I keep a check on the questions received from my readers; when any question crosses my threshold, I surely try to blog about it online. Stream Aggregate is a quite commonly encountered showplan operator. I have often found it in very simple COUNT(*) operation’s execution plan. If you like to read an official note on the subject, you can read the same on Book Online over here. The Stream Aggregate operator groups rows by one or more columns and then calculates one or more aggregate expressions returned by the query.
Running the following query will give you Stream Aggregate Operator in Execution Plan. To turn on Execution Plan, press CTRL + M.
USE AdventureWorks
GO
SELECT COUNT(*) cRows
FROM HumanResources.Shift;
GO
Now if you try to see the Aggregate operation in text instead of graphic, you can find that it clearly suggests that aggregation happens because of the COUNT(*) operation.
SET SHOWPLAN_ALL ON;
GO
SELECT COUNT(*) cRows
FROM HumanResources.Shift;
GO
SET SHOWPLAN_ALL OFF;
GO
Notably, in the same operation, the Compute Scalar operation is also present, which in fact does the implicit conversion of the COUNT(*) operation. This operation is there because during the stream aggregation operation, the Expression is converted to BIGINT, and it is converted back to INT right after COUNT(*) operation.
Now let us try to prove that Stream Aggregate returns results in the format for BIGINT and not in INT datatype, which is leading to use of additional operation of scalar convert. We will run the above code with COUNT_BIG(*) instead of COUNT(*).
SET SHOWPLAN_ALL ON;
GO
SELECT COUNT_BIG(*) cRows
FROM HumanResources.Shift;
GO
SET SHOWPLAN_ALL OFF;
GO
You can clearly see from this example that there is no Compute Scalar operation when function COUNT_BIG is used in place of COUNT.

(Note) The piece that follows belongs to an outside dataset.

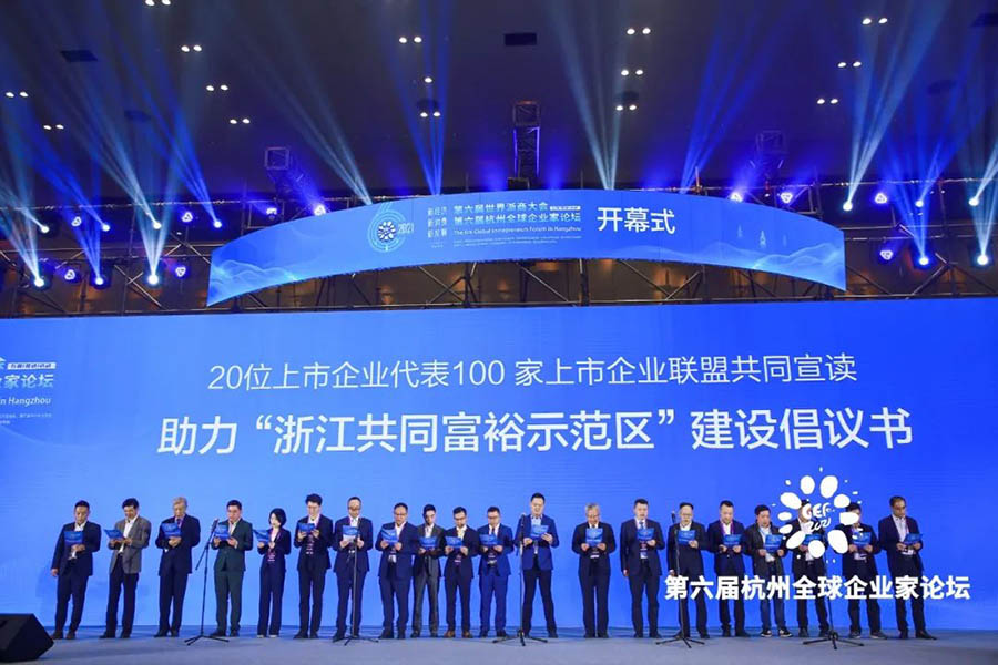 此外,开幕式上,浙江省中小企业协会联合浙江花园生物高科股份有限公司、桐昆集团股份有限公司、春秋航空股份有限公司、浙江银轮机械股份有限公司、杭萧钢构股份有限公司、寿仙谷药业股份有限公司、佩蒂动物营养科技股份有限公司、森林包装集团股份有限公司、杭州沪宁电梯部件股份有限公司、浙江天宇药业股份有限公司、正康股份、万通智控科技股份有限公司、大连圣亚旅游控股股份有限公司、浙江宏昌电器科技股份有限公司、浪莎控股集团有限公司、杭州有赞科技有限公司、施耐德电气等20家上市企业代表发起了“浙江省上市企业服务联盟”致助力共同富裕倡议书。高质量发展建设共同富裕示范区,是党中央国务院赋予浙江的光荣使命。为积极助力浙江高质量发展建设共同富裕示范区建设,先富带后富、推动共同富裕,是我们民营企业的光荣历史使命和义不容辞的社会责任。

Now, the abovementioned information leads to the following question: does this mean that the performance of COUNT_BIG is better than COUNT operation. Let us compare the performance for the same by running following code.
SET SHOWPLAN_ALL ON;
GO
SELECT COUNT(*) cRows
FROM HumanResources.Shift;
GO
SELECT COUNT_BIG(*) cRows
FROM HumanResources.Shift;
GO
SET SHOWPLAN_ALL OFF;
GO
From the execution plan, the cost of both the operations is exactly same. Now I would like to get your opinion on what you think of this article and your initial reaction to the behavior of SQL Server. Please do leave a comment here.
Reference: Pinal Dave (https://blog.sqlauthority.com)
9 Comments. Leave new
Very nice Pinal, thanx!
Well, conversion from larger datatype (BIGINT – 64 bit) to smaller type (INT – 32 bit) does not take time at all. Other way around it could take couple of CPU cycles, depending how it is done.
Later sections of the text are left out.